Course: COMP 762B – Modeling And Simulation

Topic: Reading/Presentation project

 

Selected Paper: TOWARDS A MULTI-VIEW MODELLING ENVIRONMENT FOR MECHATRONICS SYSTEMS

Source: Multi-View Modelling Environment for Mechatronics Systems.pdf

 

Abstract

The development of modern technical systems requires the close collaboration of various specialist teams and engineering disciplines. Even though working with the same system towards the same goal, developers from the different domains use their own specific tools, providing their own specific views of the system to be developed. For the successful integration of the efforts from each of these disciplines, the different views need to be appropriately integrated, preventing any inconsistencies and divergences from creeping into the system design. In this report, we present an approach to multi-view modeling which systematically integrates the two generally accepted complexity reduction techniques of hierarchical decomposition and multi-viewing. While these techniques are common practice in many modern design tools, the approach presented defines how the inter-view relationships can be used to tightly interweave the views’ hierarchies.

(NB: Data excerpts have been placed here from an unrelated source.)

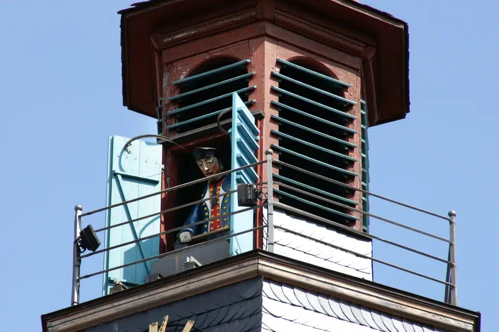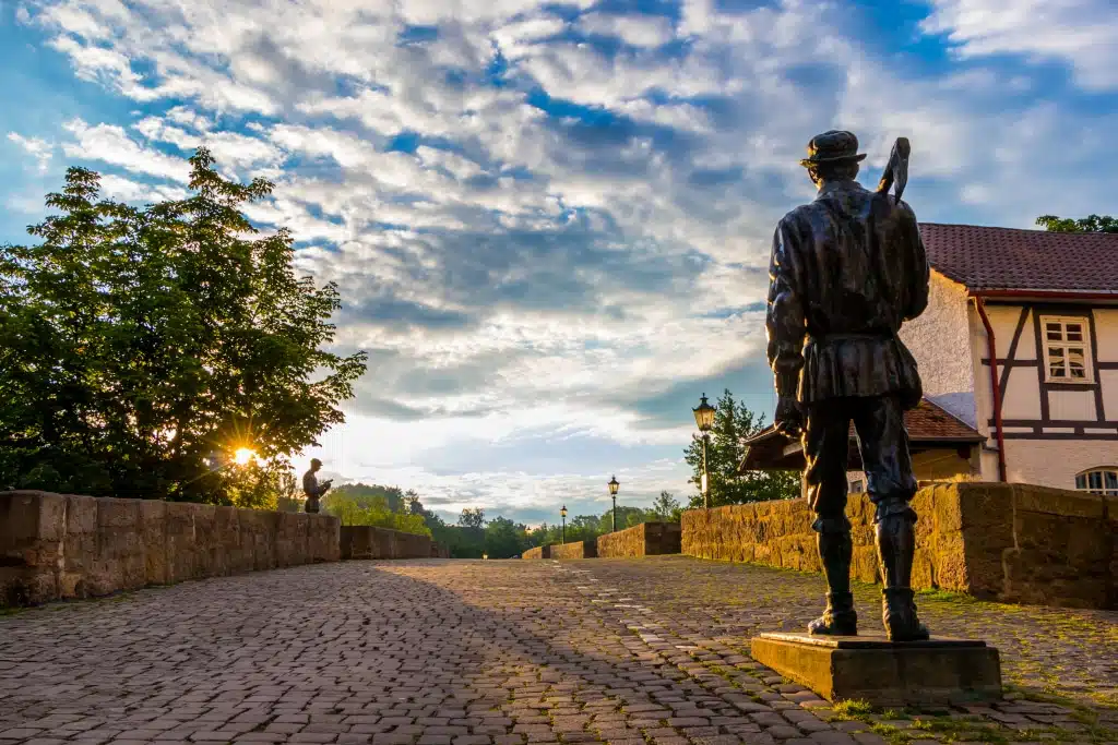 Tatsächlich ist Melsungen über die B 253 schon nach fünf Kilometern erreicht, und der Campingplatz an der Fulda lockt mit Nähe zur malerischen Fachwerkstadt. Zu Fuß sind es drei Kilometer bis zum historischen Rathaus, das einen Besuch unbedingt lohnt. Es wurde 1562 bis 1568 erbaut, nachdem es ein Großbrand zuvor zerstört hatte. Heute gilt es als eines der schönsten Fachwerk-Rathäuser Deutschlands – es steht nach allen Seiten frei und beherrscht den Melsunger Marktplatz. Schon 1928 wurden das alte Fachwerk und der bis dahin verschüttete Ratskeller wieder freigelegt. In dem Rathaus befindet sich die Stadtverwaltung. Der Mittelturm krönt das Gebäude und hier zeigt sich täglich um 12 und 18 Uhr die einzigartige Figur des Melsunger Wahrzeichens: der Bartenwetzer.
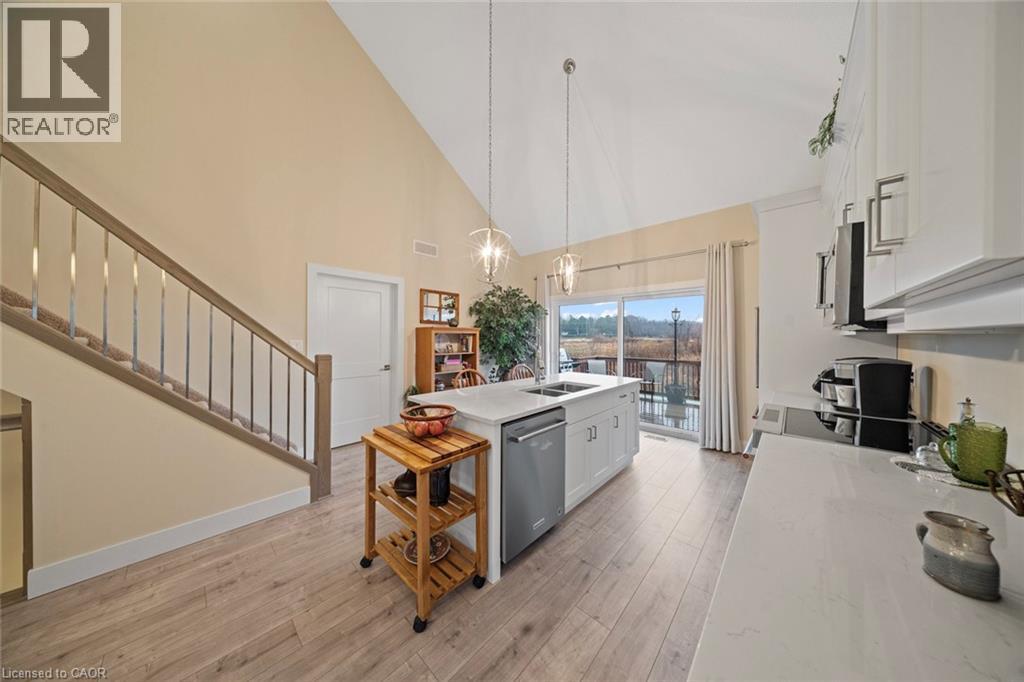 Welcome to 744 Nelson St., Unit 10, a bright and beautifully designed 2020 bungalow condo with loft, located in the heart of Port Dover. This modern 3-bedroom, 3-bath home offers effortless living with an inviting open-concept main floor, quartz kitchen countertops, and patio doors leading to your private deck overlooking open fields, the perfect spot to unwind and enjoy Port Dover’s stunning evening sunsets. The main floor features a spacious primary bedroom complete with a 3-pc ensuite and walk-in closet, along with main-level laundry and inside entry from the single attached garage for added convenience. The upper loft provides two additional bedrooms and a 4-pc bath, ideal for guests, family, or a home office. The basement remains unfinished and ready for your personal touch with a rough in for another bathroom. With its brick/vinyl exterior, bright interior, and low-maintenance lifestyle, this condo offers exceptional comfort and style. Located just minutes from Port Dover’s sandy beach, waterfront restaurants, grocery stores, shops, and all the charm the South Coast has to offer. (id:4555)
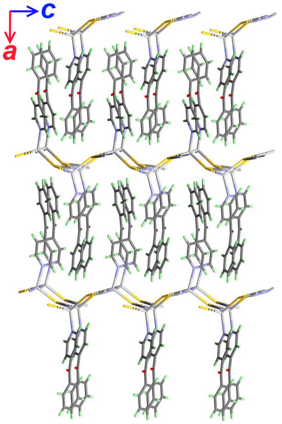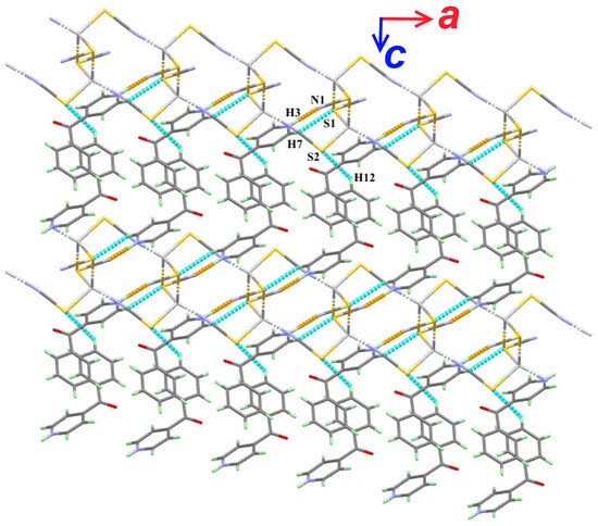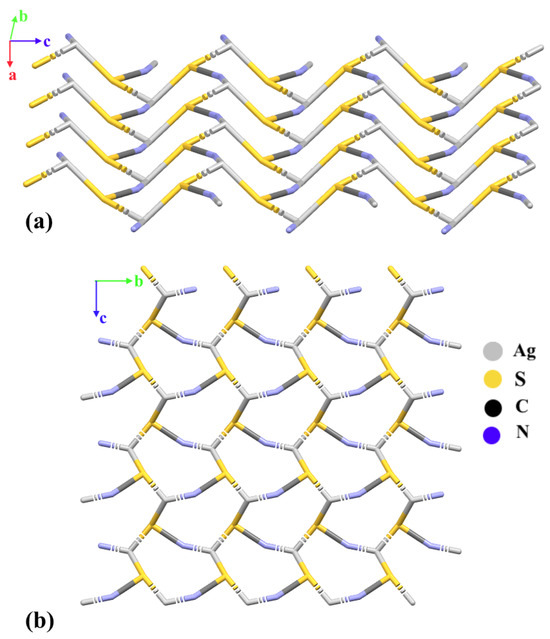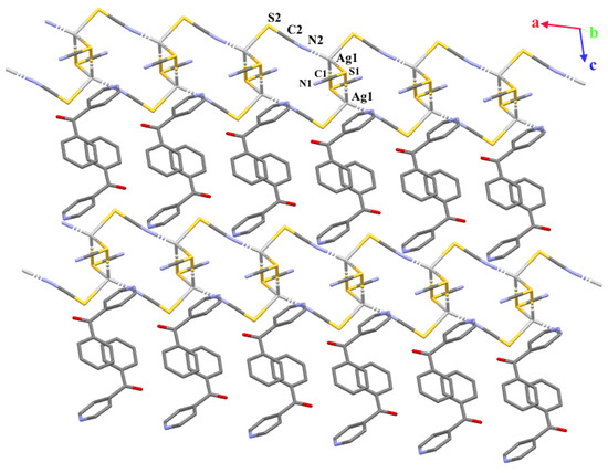 Each thiocyanate anion exhibits a µ1,1,3-(S,S,N-) bridging mode, which binds three Ag(I) centers leading to a boat-like ten-membered ring. These repeating units are fused together to generate a 2D wavy-like structure extended along the ac plane (Figure 4a). As a result, each sulfur atom connects two silver atoms, one from its own unit and the other from another adjacent unit, leading to zig-zag chains extended along the c-direction, where the Ag–S–Ag angle is 155.04(4)°. These polymeric chains are further connected by the coordination interaction between the Ag(I) ion and N-atom from the third thiocyanate group, which extends the coordination polymer along the b-direction leading to the 2D polymeric structure shown in Figure 4b. The angles of the thiocyanate groups are nearly linear (179.7(4)° and 158.2(3)° for S1–C1–N1 and C1##-N1##-Ag1, respectively) while the Ag1–S1–C1 acquires bent conformation, with angles 96.34(12)° for Ag1–S1–C1 and 94.97(11)° for Ag1–S1#–C1#. These results are consistent with the mesomeric structure of the thiocyanate group [69,75]. The 4BP organic ligand acts as a terminal monodentate ligand via the pyridine N-atom and thus is not included in the polymer expansion but is found located above and below the polymeric zig-zag chains (Figure 5).

Through the use of a case study, model integration is investigated for the allocation of system functions onto the implementing hardware architecture. The resulting approach maintains the principle of hierarchical design within, as well as between the views, where allocation can be performed at arbitrary levels across the hardware and function hierarchies. The proposed approach promotes the independent development of the views, allowing developers from each discipline to work concurrently, yet providing support for a holistic view.

This provides a good basis for an information-sharing environment enabling model-based, multi-disciplinary development. While specific to the allocation of system functions to hardware, these mechanisms can be reused for the mapping of system functionality to the software architecture, or software to hardware allocation. The generalization of this work to cover other kinds of relations remains a challenge for future work.